When a company has no choice but to exceed emissions targets, it can purchase credits from other companies with comparably lower emissions. Think of it as a marketplace where companies with low emissions requirements can benefit financially by selling credits to companies with higher emissions requirements.

A number of high-profile companies are taking part, ranging from Google and Amazon to BP, Shell, Lyft, JetBlue and British Airways. Carbon credits are designed to give companies incentives to reduce their greenhouse gases and lessen the impact of global warming.

When a company buys a carbon credit, it has the right to emit either one ton of carbon dioxide or an equivalent of another greenhouse gas. The credit basically serves as an offset for companies that produce these gases – which is why credits are also referred to as carbon offsets. 

Carbon credits are part of larger cap-and-trade programs that set caps on allowable emissions and then distribute or auction off emission allowances that add up to the cap. These types of programs offer a couple of incentives for meeting emissions requirements. First, companies that exceed the cap face potential fines. Meanwhile, companies that come in well below the cap can earn money by saving and reselling part of their emissions allowances. 

The Corporate Finance Institute helps lay out the two types of carbon credits:

  • Voluntary emissions reduction (VER):  This is a carbon offset that is exchanged in the over-the-counter or voluntary market for credits.
  • Certified emissions reduction (CER): This type of credit is created through a regulatory framework as a means of offsetting a specific project’s emissions. They’re typically issued to member states for projects that reduce greenhouse gases through Clean Development Mechanisms (CDMs) that set a baseline for future emission targets.

One key to implementing these programs successfully is setting the right targets. As noted by HowStuffWorks, if a cap is set too high, then you end up with excess emissions that hurt the environment. But if the cap is too low, you run into a situation where heavy demand for carbon credits drives up their price, making it difficult for some companies to buy them.

Not everybody agrees on the effectiveness of carbon credits. Some critics claim they are either too restrictive or not restrictive enough, while others suggest that they prevent some companies from taking tougher measures to reduce pollution.

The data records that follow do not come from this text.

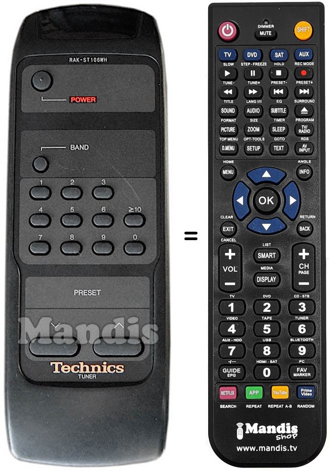 Remote control to replace the original remote RAK-ST106WH and all its functions.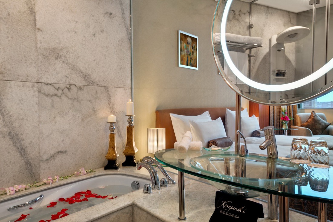 Presidential Suite: 230 м2, номер на 20 этаже. В номере 2 спальни, гостиная, зона отдыха, столовая, кабинет, кухня, бар, сауна, ванная комната, джакузи.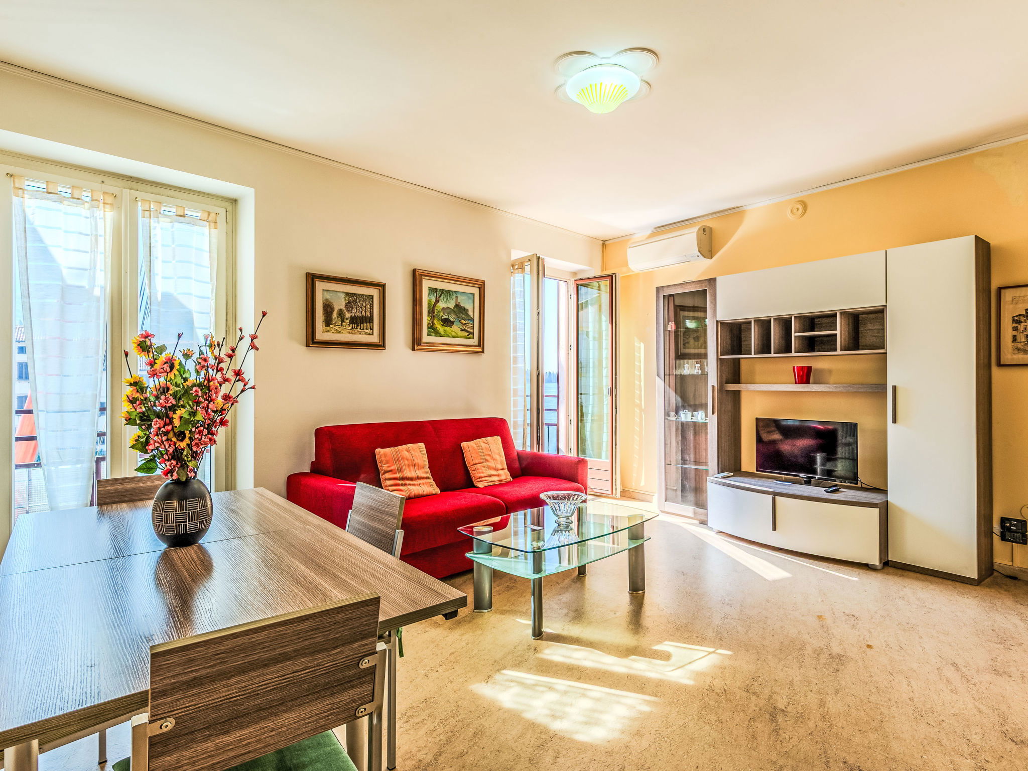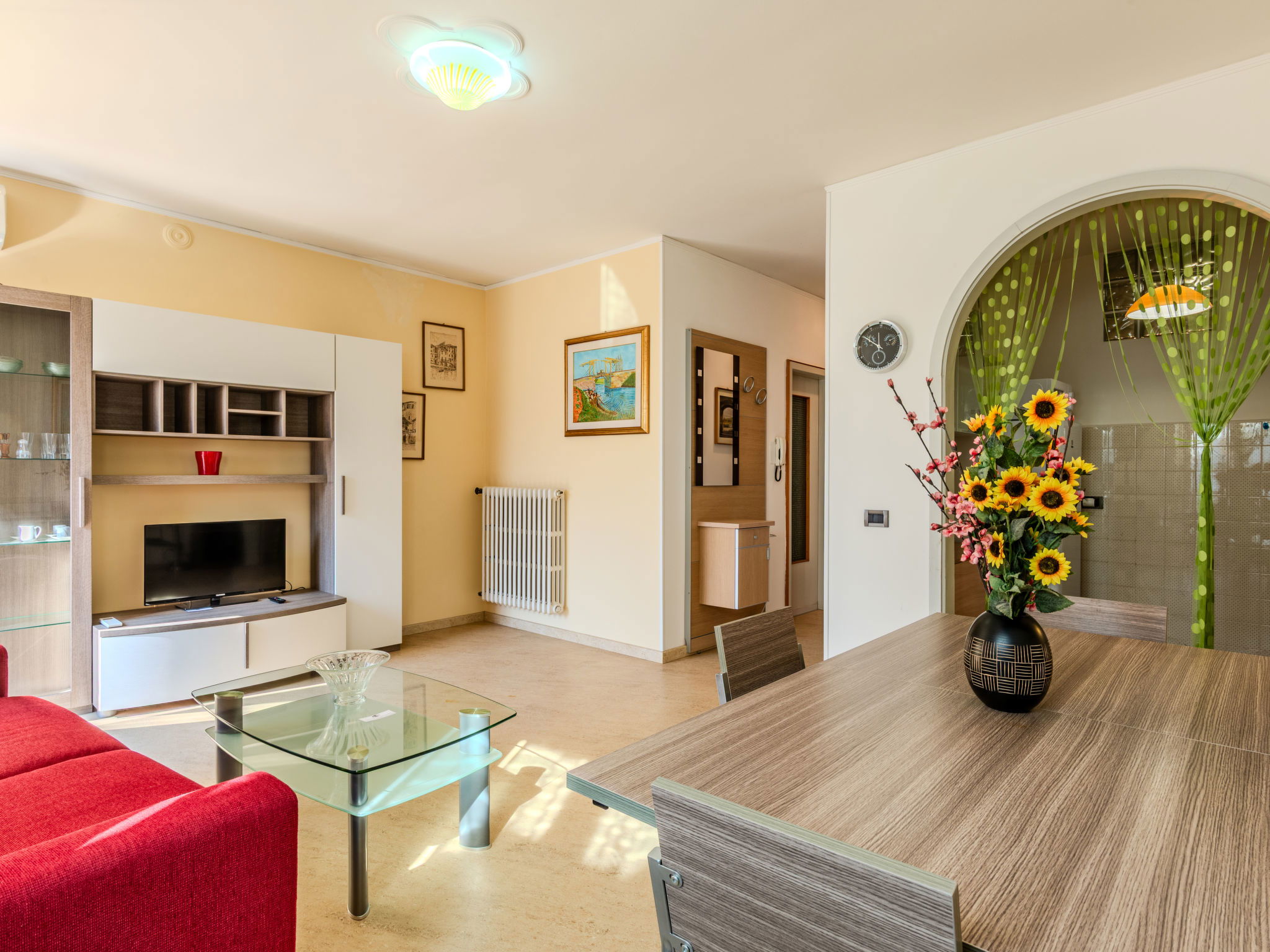 "Claudia", 2-room apartment 60 m2 on 2nd floor, south facing position. Bright, modern and cosy furnishings: living/dining room with panoramic window with 1 sofabed and TV. Exit to the balcony, south facing position and east facing position. 1 double bedroom. Kitchen (oven, 2 ceramic glass hob hotplates, kettle, microwave, freezer, electric coffee machine). Shower/bidet/WC. Heating, air-conditioning. Heating available only from 15.11. to 20.05. Small balcony. Balcony furniture, sitting area. Marvellous panoramic view of the lake and the countryside. Facilities: washing machine, iron, hair dryer. Internet (WiFi, free). Please note: no parking. 1 small pet/ dog allowed. Fire extinguisher, no lift. IT023045C2TJYV99EN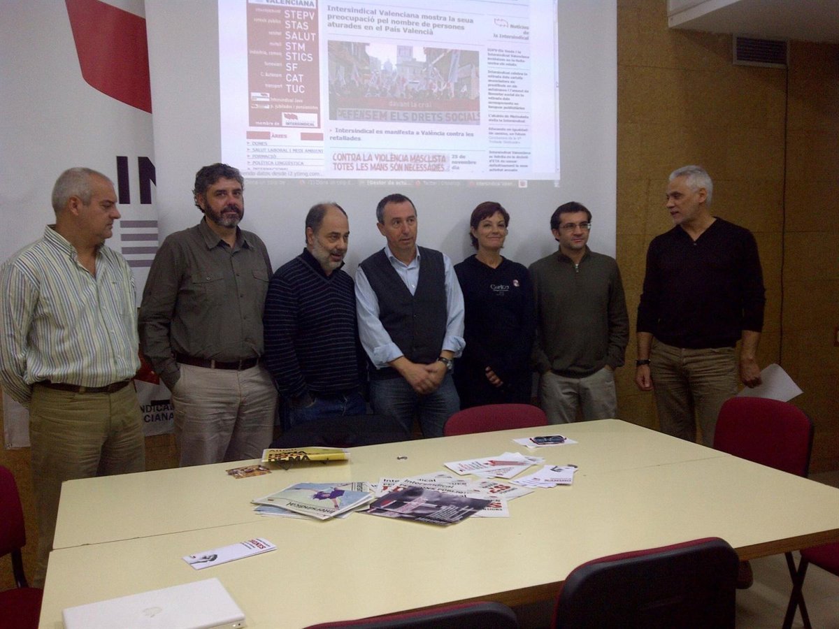 Baldoví, que continúa su ronda de entrevistas con entidades, organismos, asociaciones y sindicatos para conocer las inquietudes y reivindicaciones de la sociedad valenciana, se ha reunido con parte de la directiva de Intersindical Valenciana, con Vicent Mauri a la cabeza, para hablar de las propuestas de Compromís y, al mismo tiempo, asumir las incorporaciones de la coordinadora sindical al programa.
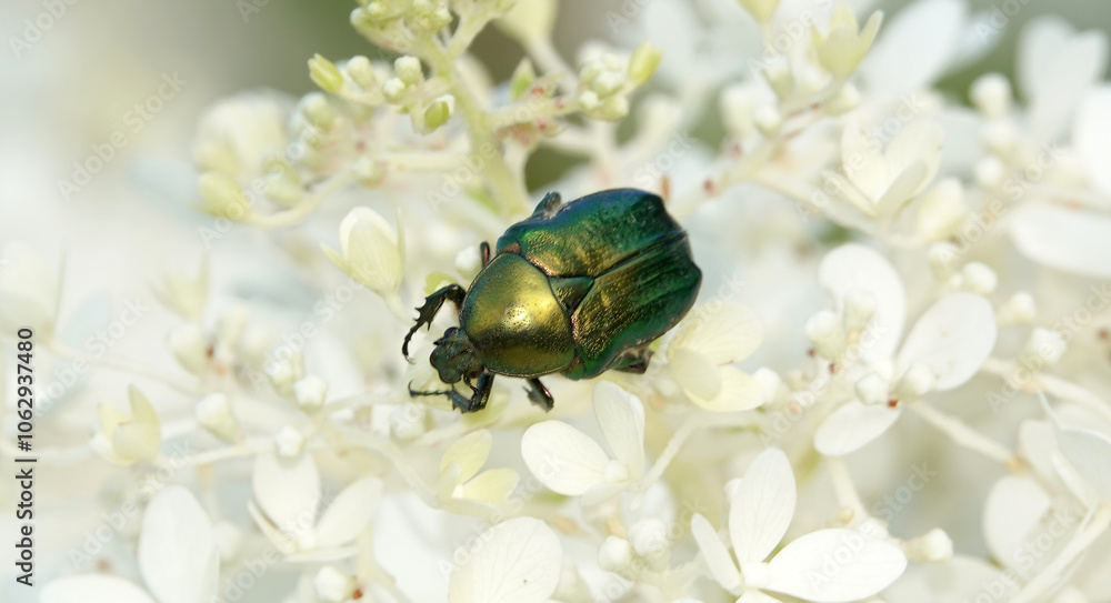 Golden Bronze Beetle on Japanese Spiraea Flower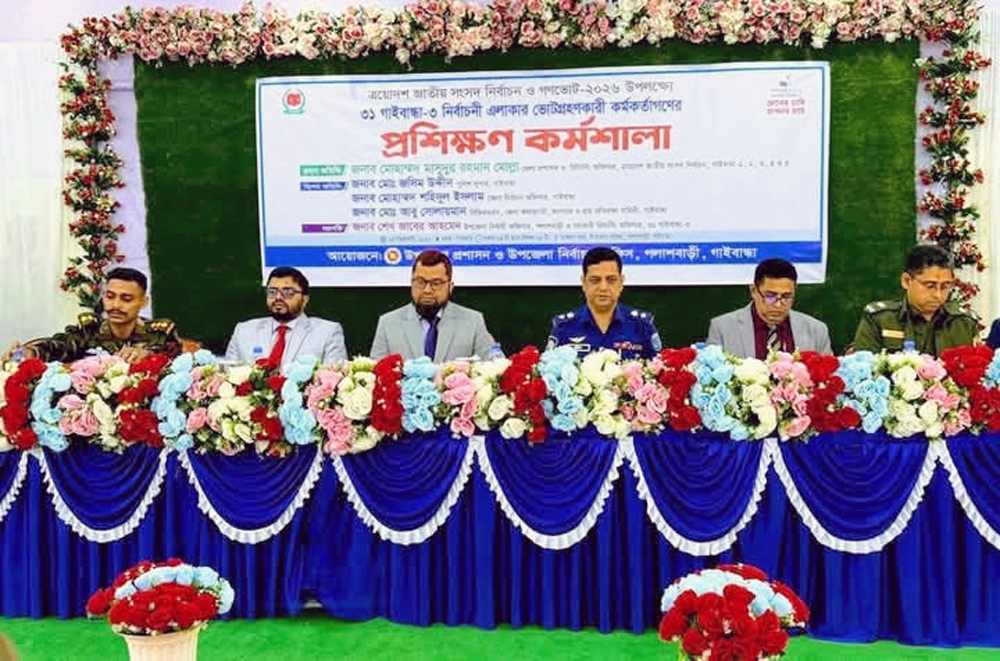 আসন্ন ত্রয়োদশ জাতীয় সংসদ নির্বাচন ও গনভোট ২০২৬ উপলক্ষে ৩১ গাইবান্ধা ০৩ নির্বাচনী এলাকার ভোট গ্রহনকারী কর্মকর্তাদের দিন ব্যাপি এক প্রশিক্ষণ কর্মশালা অনুষ্ঠিত হয়েছে।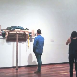 Por ejemplo, existe una pieza que está conformada por réplicas del material que utilizan los pintores para trabajar, como palos y envases. La curadora explicó que esos objetos tratan de hablar del cuerpo como “esta presencia que deja su huella en instrumentos de uso cotidiano, arquitectura o espacio urbano, esa marca te habla de cómo alguien vive a nivel personal, pero también a nivel colectivo”.

But defenders of carbon credits say these types of programs provide needed incentives for companies to reduce their carbon footprints. They’re an especially good option for companies that have exhausted other means of reducing emissions, such as adopting leaner manufacturing processes, cutting down on office HVAC use or using cleaner fuels in company vehicles. Supporters also say carbon credits provide a practical, much-needed economic solution to a complex and often emotional issue.

One thing’s for certain: carbon credit programs have caught the attention of some pretty big hitters in the corporate world. Earlier this year JetBlue announced plans to offset its 15 -17 billion pounds of greenhouse gas emissions by buying carbon credits and using cleaner-burning fuel for planes that land at San Francisco International Airport.

That followed a similar announcement by airline group easyJet, which said that it will offset carbon emissions from the fuel used on all its domestic and international flights by increasing its use of carbon credit schemes and other emissions-reduction measures. The UK-based, low-cost airline said it would purchase offsets for 7.5m tons of carbon dioxide to cover a year’s worth of flights.

Corporations aren’t the only organizations using offsets to reduce their carbon footprints. The same can be said of investment funds and university pension funds. It’s all part of an effort on the part of corporations and other organizations to reach certain carbon milestones. Amazon CEO Jeff Bezos has pledged to have his company become carbon neutral by 2040, while Microsoft plans to be carbon negative by 2030. Starbucks aims to be “resource positive” by 2030, meaning it will store more carbon than it emits, eliminate waste and provide more clean, freshwater than it uses.